Zu diesem Wachstum soll auch ein neuer Umgang mit Ersatzteilen beitragen, der eigentlich ein alter ist: Schüler will Werkstätten künftig wieder gebrauchte, aufgearbeitete Autoteile anbieten. In den USA, wo er lange gearbeitet hat, gebe es das noch heute. „Weil sich die Technik unter der Motorhaube dort nicht so schnell verändert wie in Europa, gibt es viele Teile im Fuhrpark, die man bei jüngeren Autos als Ersatzteil verwenden kann. In Europa gibt es das faktisch nicht mehr, hier haben Neuteile die aufbereiteten Teile vom Markt verdrängt“, sagt Schüler.
Er gehe aber davon aus, dass dieses Geschäft zurückkomme – aus zwei Gründen: Man kann damit CO₂-Emissionen verringern, und es könnte andererseits eine Antwort auf die derzeitigen Knappheiten sein. „Ich gehe davon aus, dass wir mehr als bisher von dem Material leben müssen, das im System ist“, sagt Schüler. Gerade bei den hochwertigen Komponenten der Elektroautos mit ihren vielen wertvollen Rohstoffen habe das seinen Sinn.
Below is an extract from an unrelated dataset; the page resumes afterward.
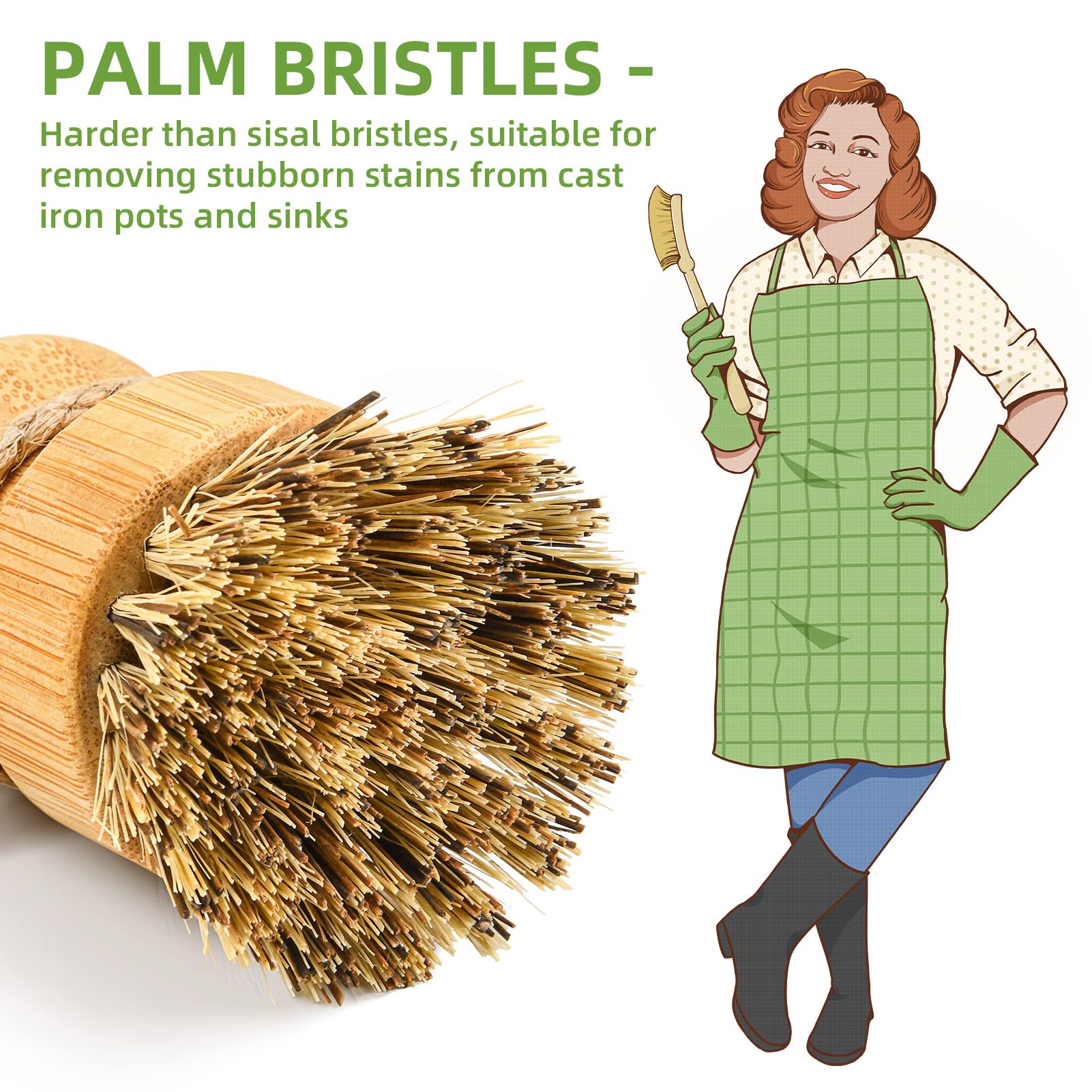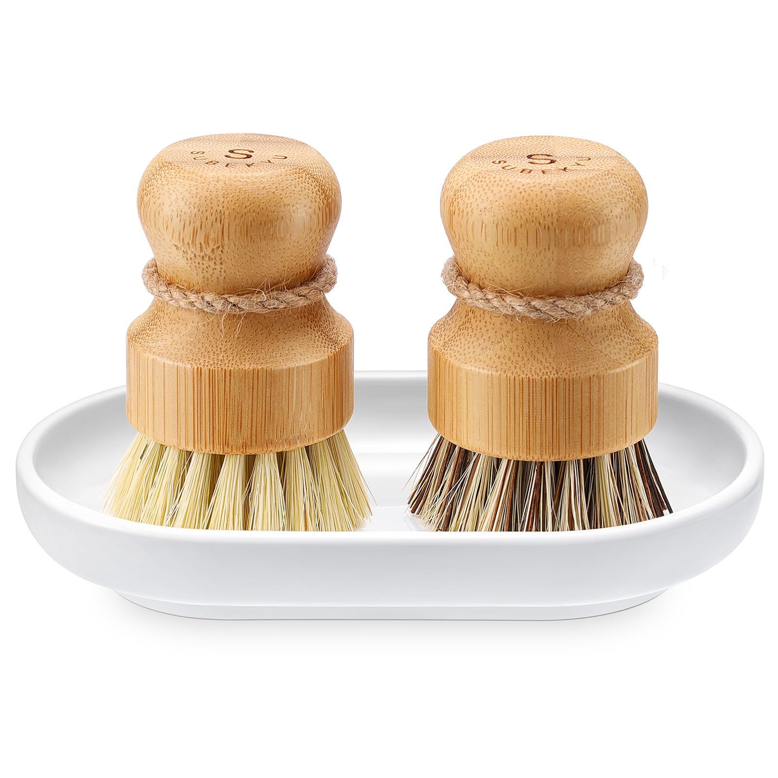 SUBEKYU Bamboo Dish Scrub Brush for Kitchen Sink, Natural Wooden Washing Dish Brush Scrubber with Sisal Bristles for Household Cleaning, Cast Iron Pots, Pans and Vegetables

Reparaturlösung als clevere Alternative
2022 hat Schaeffler die erste Reparaturlösung für E-Achsen vorgestellt. Wo Fahrzeughersteller ihren Kunden derzeit ausschließlich teure Austauschaggregate zur Verfügung stellen, bietet der Automotive Aftermarket von Schaeffler mit dem E-Axle RepSystem-G als erster Anbieter im Ersatzteilmarkt eine Reparaturlösung für E-Achsgetriebe. Während bei einer Fahrzeuginstandsetzung mittels Austauschaggregat der Antriebsstrang komplett ersetzt wird, tauschen die Werkstätten bei der Schaeffler-Lösung nur die relevanten Komponenten respektive die Teile mit dem größten Verschleiß aus. Das spart Ressourcen, Geld und CO₂ und zahlt somit auf das Thema Nachhaltigkeit ein. Ebenfalls schafft die neue Reparaturlösung zusätzliches Geschäftspotenzial für freie Werkstätten.